=== PROBLEM TO SOLVE ===
Your job is to return each record exactly, minus any pictures.

___ WORKING DATA ___

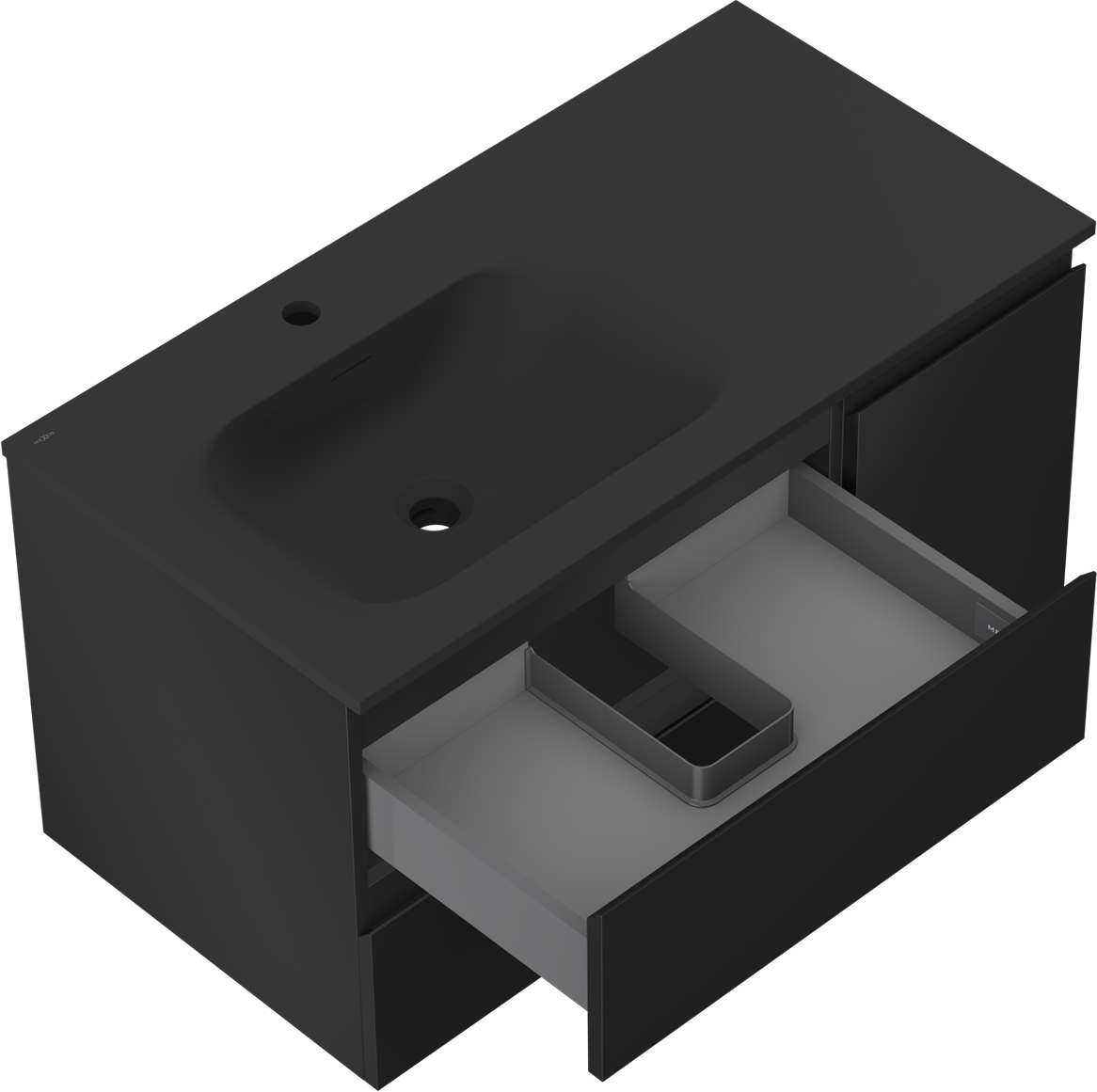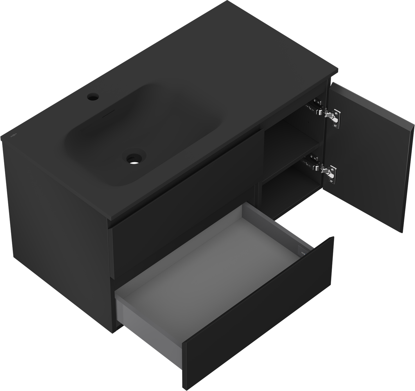 Mexen Orio badkamerkast 90 cm met wastafel Vela links, 2S, 1D, zwart mat - 91A13-09047-3-BBFFF71-W23L71
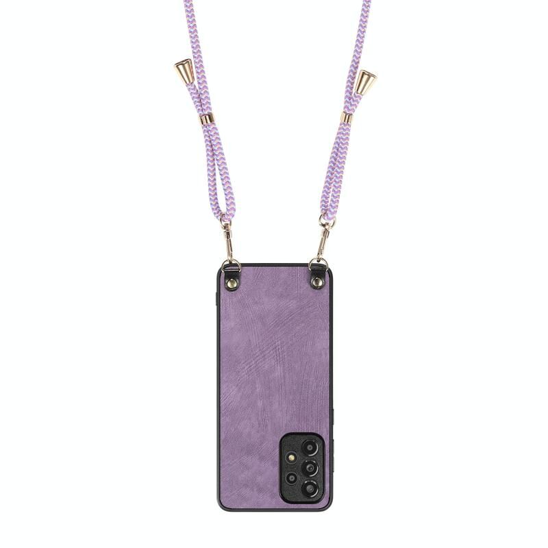 Για Samsung Galaxy A54 5G εκλεκτής ποιότητας δέρμα PC πίσω κάλυψη υπόθεση τηλεφώνου με λουράκι σταυρού (μωβ)
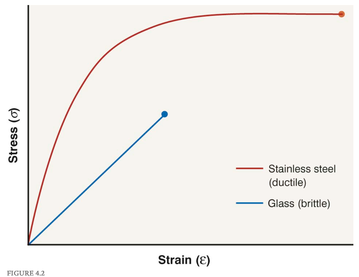 A classic dichotomy contrasts a ductile material, such as stainless steel, versus a brittle material, such as glass ( Fig. 4.2 ). Once glass reaches its elastic limit, it will break instead of undergoing plastic deformations. Stainless steel, on the other hand, is ductile and able to withstand a great degree of elongation beyond its yield point.
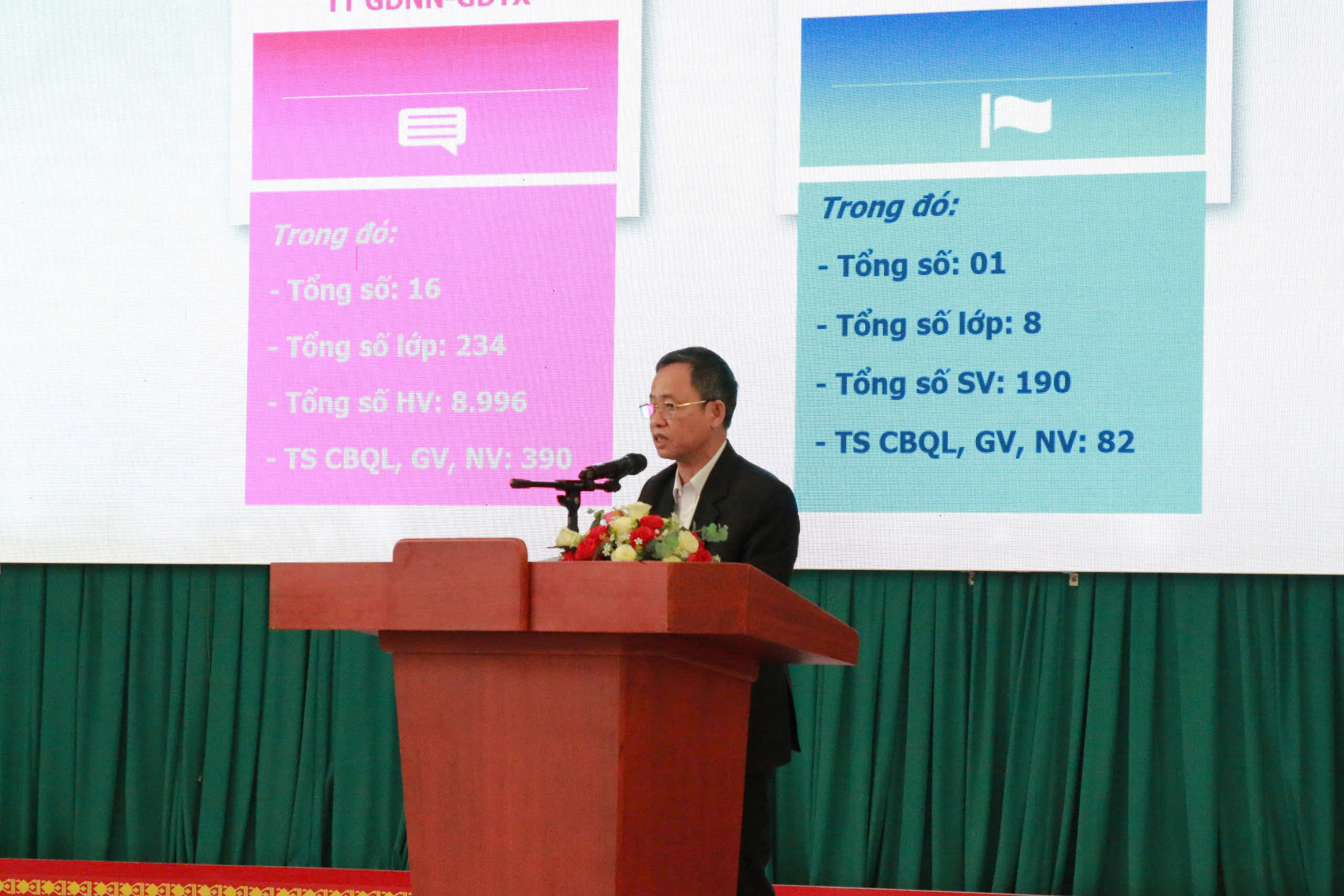 Phó Giám đốc Sở GDĐT Đỗ Tường Hiệp trình bày báo cáo sơ kết học kỳ I, các nhiệm vụ trọng tâm học kỳ II năm học 2024 – 2025
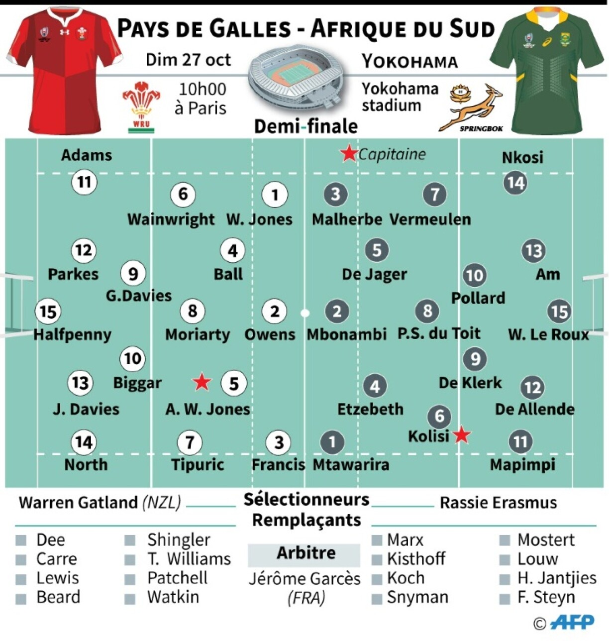 Am Spill ëm Plaz 3, den 1. November, kënnt et dann zum Duell tëscht Neiséiland a Wales.
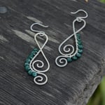 Stunning emerald that shine in the sun that contrasts lovely with the sterling silver. The unique design adds movement and a flash to any outfit!
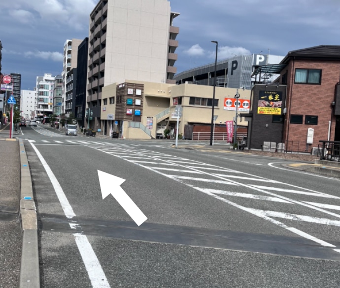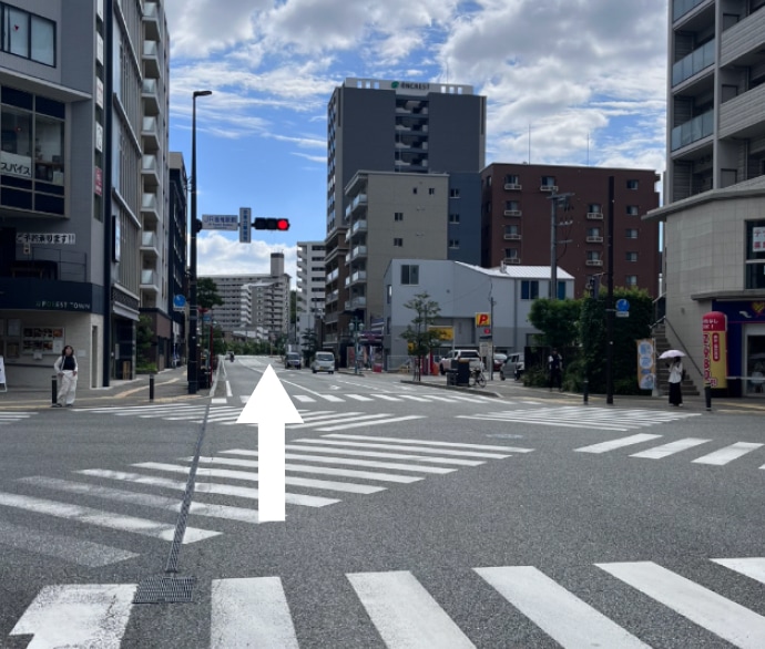 信号を渡ると黒色のビルが見えるので、その左側の道をまっすぐ進みます。
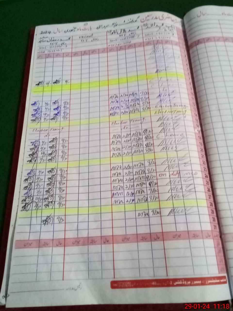 | CNIC | Full Name | Designation | R/C | Absence During Last Calender Month |
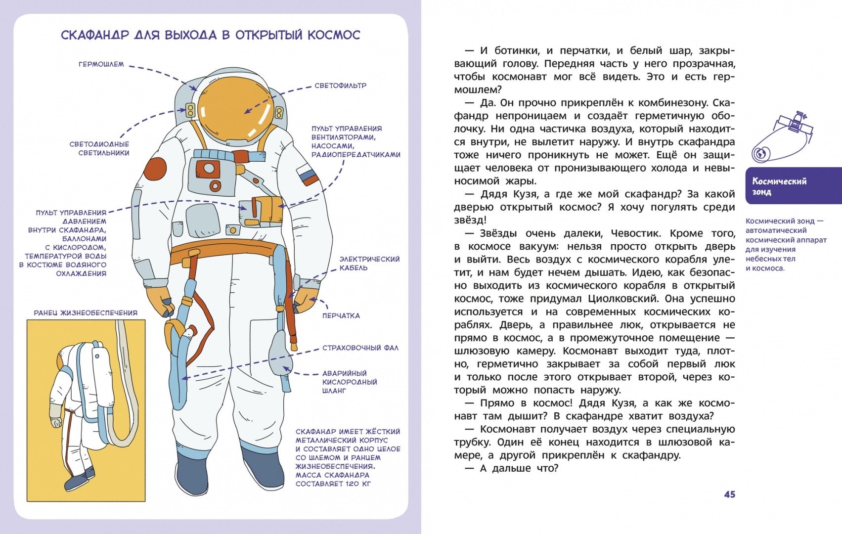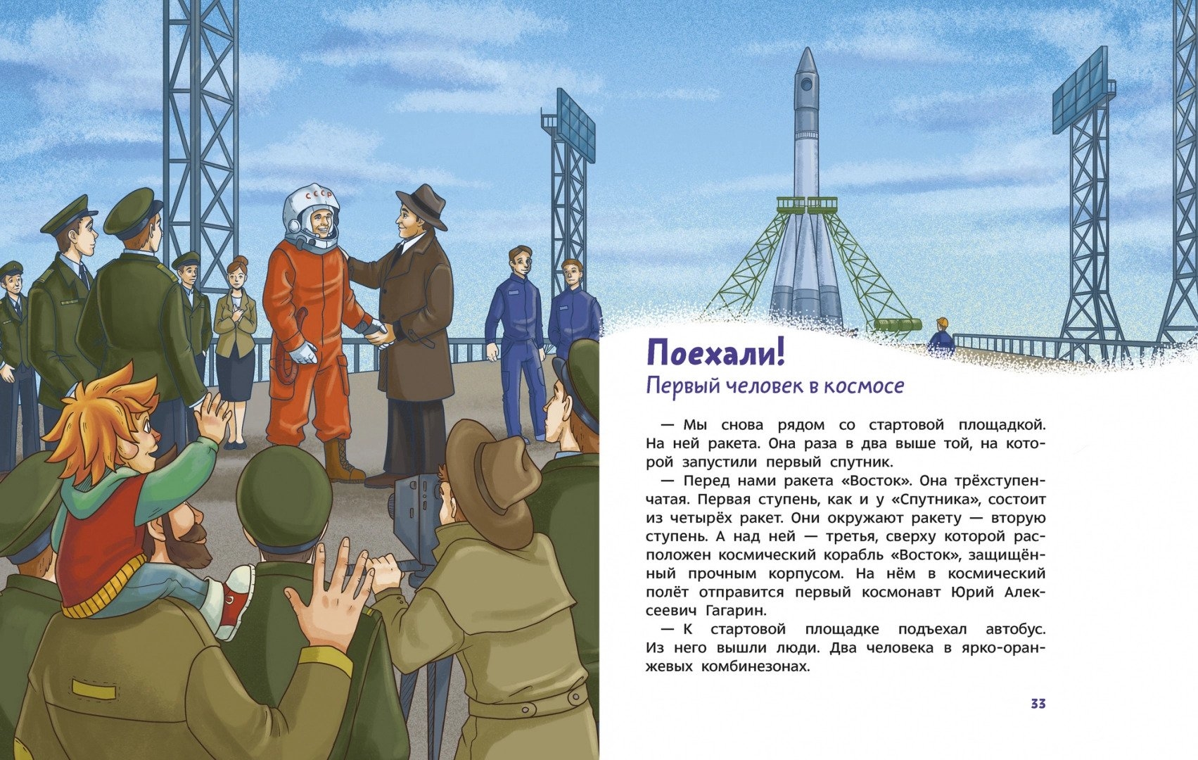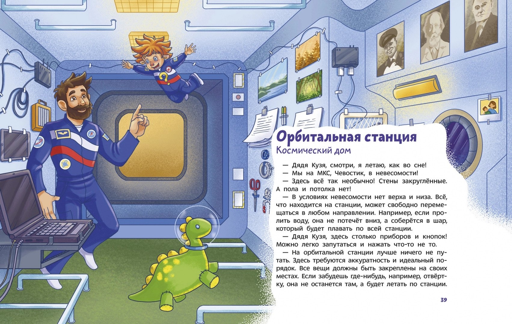 Chevostik and Uncle Kuzya are waiting for new incredible adventures. This time they will go into space. Heroes will study the history of astronautics, visit the International Space Station and see the landing of astronauts. And readers will watch the first human flight into space and find out whether it is possible to drink a cup of tea in weightlessness.

___

=== WRITTEN ANSWER ===
 Mexen Orio badkamerkast 90 cm met wastafel Vela links, 2S, 1D, zwart mat - 91A13-09047-3-BBFFF71-W23L71
 Για Samsung Galaxy A54 5G εκλεκτής ποιότητας δέρμα PC πίσω κάλυψη υπόθεση τηλεφώνου με λουράκι σταυρού (μωβ)
 A classic dichotomy contrasts a ductile material, such as stainless steel, versus a brittle material, such as glass ( Fig. 4.2 ). Once glass reaches its elastic limit, it will break instead of undergoing plastic deformations. Stainless steel, on the other hand, is ductile and able to withstand a great degree of elongation beyond its yield point.
 Phó Giám đốc Sở GDĐT Đỗ Tường Hiệp trình bày báo cáo sơ kết học kỳ I, các nhiệm vụ trọng tâm học kỳ II năm học 2024 – 2025
 Am Spill ëm Plaz 3, den 1. November, kënnt et dann zum Duell tëscht Neiséiland a Wales.
 Stunning emerald that shine in the sun that contrasts lovely with the sterling silver. The unique design adds movement and a flash to any outfit!
 信号を渡ると黒色のビルが見えるので、その左側の道をまっすぐ進みます。
 | CNIC | Full Name | Designation | R/C | Absence During Last Calender Month |
 Chevostik and Uncle Kuzya are waiting for new incredible adventures. This time they will go into space. Heroes will study the history of astronautics, visit the International Space Station and see the landing of astronauts. And readers will watch the first human flight into space and find out whether it is possible to drink a cup of tea in weightlessness.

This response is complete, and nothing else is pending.